# Loose fitting AFX bodies



## red73mustang (Aug 20, 2001)

So I picked up an AFX Petty Charger (TV Guide mail in car) and it's in great shape exempt for the fact that body fits very loose. Being this a rare car I won go crazy trying to fix it but would a hair dryer improve the fitment or what about very warm (almost hot water)?


----------



## sethndaddy (Dec 4, 2004)

I wouldn't do anything involving heat that may bend or distort something you dont want distorted.
I would just cut a small piece of 2 sided tape and fit it inside the clips, dont have to be perfect, should be good to go.


----------



## RjAFX (Oct 26, 2014)

sethndaddy is spot on with his advice, take it to heart.


----------



## slotking (May 27, 2008)

Shoe goo will also work
kind of like the LL cars that had the sticky stuff on them
I was also thinking silicone adhesive, just a little where you need it, let it dry


----------



## Bubba 123 (Sep 10, 2010)

RjAFX said:


> sethndaddy is spot on with his advice, take it to heart.


you can also take some butchers twine & wrap it around the clip-area.
then slowly tighten like a "Girdle", then leave it on a window sill that gets most of the day's sun/heat (mild WARM not HOT) & leave for a day or so..
(???)

Bubba 123 :wave:


----------



## RjAFX (Oct 26, 2014)

You can try a million things. .. but a bit of two sided tape takes a few seconds is not permanent, with nothing to go wrong.


----------



## slotking (May 27, 2008)

same with shoe goo
I used the tape before, the tape get warm from the car and starts to slide around from crashes and such unless the todays tape is a lot better than years ago


----------



## red73mustang (Aug 20, 2001)

Thanks for all of the replies, will probably go with the shoe-goo option as it seem to work pretty well for Life-Like cars from the factory.


----------



## Rich Dumas (Sep 3, 2008)

I am not certain which AFX cars you are referring to, but a little body float can often improve handling. You don't want the body to be so loose that it can rub on the tires or come off easily however.


----------



## urnuts (Jul 3, 2012)

*Yup...*



RjAFX said:


> You can try a million things. .. but a bit of two sided tape takes a few seconds is not permanent, with nothing to go wrong.


I have several sizes and thicknesses and they work very well.


----------



## pshoe64 (Jun 10, 2008)

Be wary of trying to alter any blue Aurora plastic. It ends to be more brittle than most. I would go with the goo or tape. Much safer options.

-Paul


----------



## Dslot (Sep 2, 2007)

I'm kind of puzzled by the Shoe Goo advice. Shoe Goo is a fairly powerful solvent-based adhesive. I would worry about it eating into the plastic and marring it -- but I've never tried SG on AFX plastic, so maybe I'm worried for nothing. 
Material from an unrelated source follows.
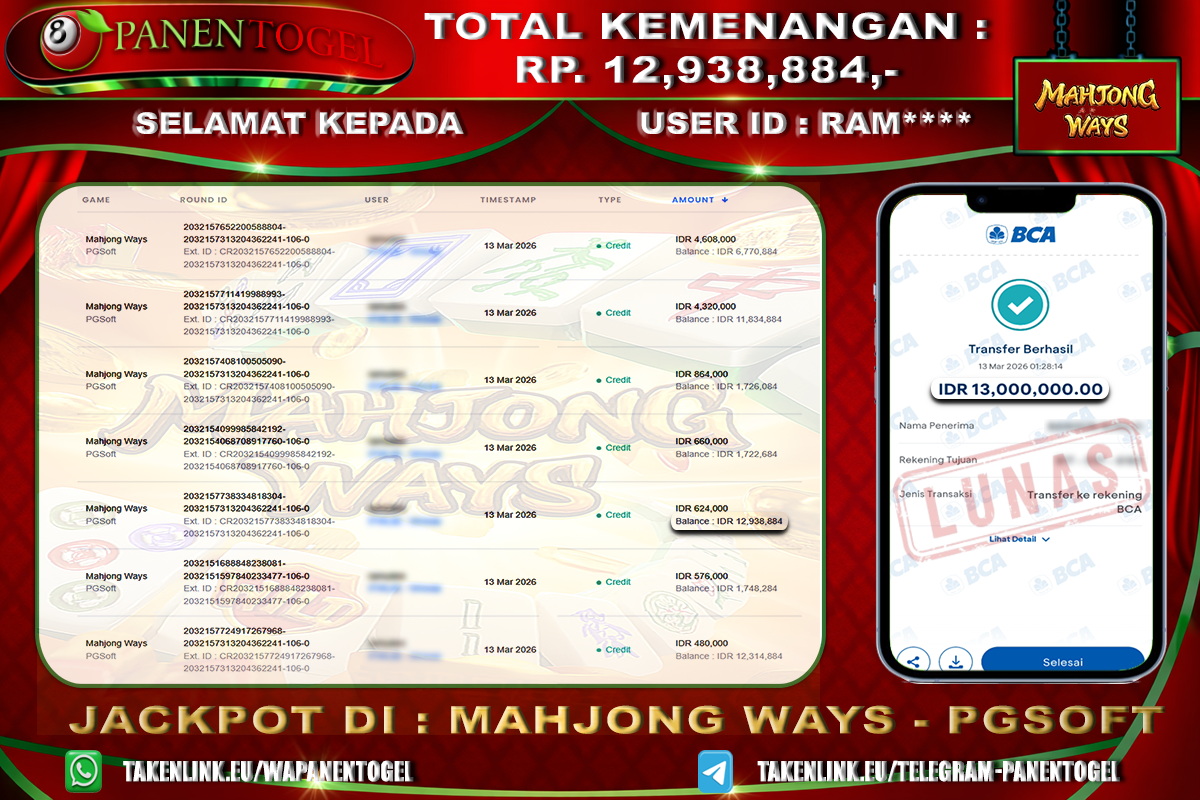 Selamat Kepada User ID : RAM**** Member PANENTOGEL JACKPOT MAHJONG WAYS

With a rare body, I'd sure be ultra-careful not to get it anywhere but exactly where it needs to go. 

Which would be -- where, Shoe Goo guys? Do you just try to fill a bit of space by toothpicking it onto the notches on one of the chassis ears and let dry before putting the body on? Or do you put it on the body above the wedges and let dry, or do you try to actually glue the body to the chassis with it while it's still wet?.

I'd feel more comfortable with the tape. Is Red73 likely to be running his TV Guide Mail-in Charger hard enough or long enough to worry about heat buildup causing slippage? It sounds more like an "occasional ceremonial lap" car to me.

-- D


----------



## Hilltop Raceway (Feb 12, 2006)

Yea, I'd believe I'd just put in the display case and leave it, race something else...RM


----------



## chappy2 (Jan 7, 2013)

Maybe build up the chassis arms with epoxy and leave the body alone.


----------



## AFXRICK (Dec 6, 2008)

Try another chassis. I have done this and it does work for the most part. You would be amazed at the size variations between chassis.


----------



## Rich Dumas (Sep 3, 2008)

If you apply Shoo Goo or contact cement to the chassis and let most of the solvent evaporate before you put the body on you would minimize the chances of the glue damaging the body.


----------



## slotking (May 27, 2008)

I used shoo-goo for a long many years, never had any body damage.


----------



## twolff (May 11, 2007)

Rich Dumas said:


> I am not certain which AFX cars you are referring to, but a little body float can often improve handling. You don't want the body to be so loose that it can rub on the tires or come off easily however.


I've got a BRE Datsun 510 body that rattles and handles like mad


----------



## RjAFX (Oct 26, 2014)

I'm going give ShoeGoo a try ..... can't hurt.


----------



## red73mustang (Aug 20, 2001)

Thanks for all the reply's, great advice about trying another chassis or adding Shoe Goo to the chassis tabs. 

This car will not be raced. More of a restoration with some reproduction decals in the future and the occasional parade laps


----------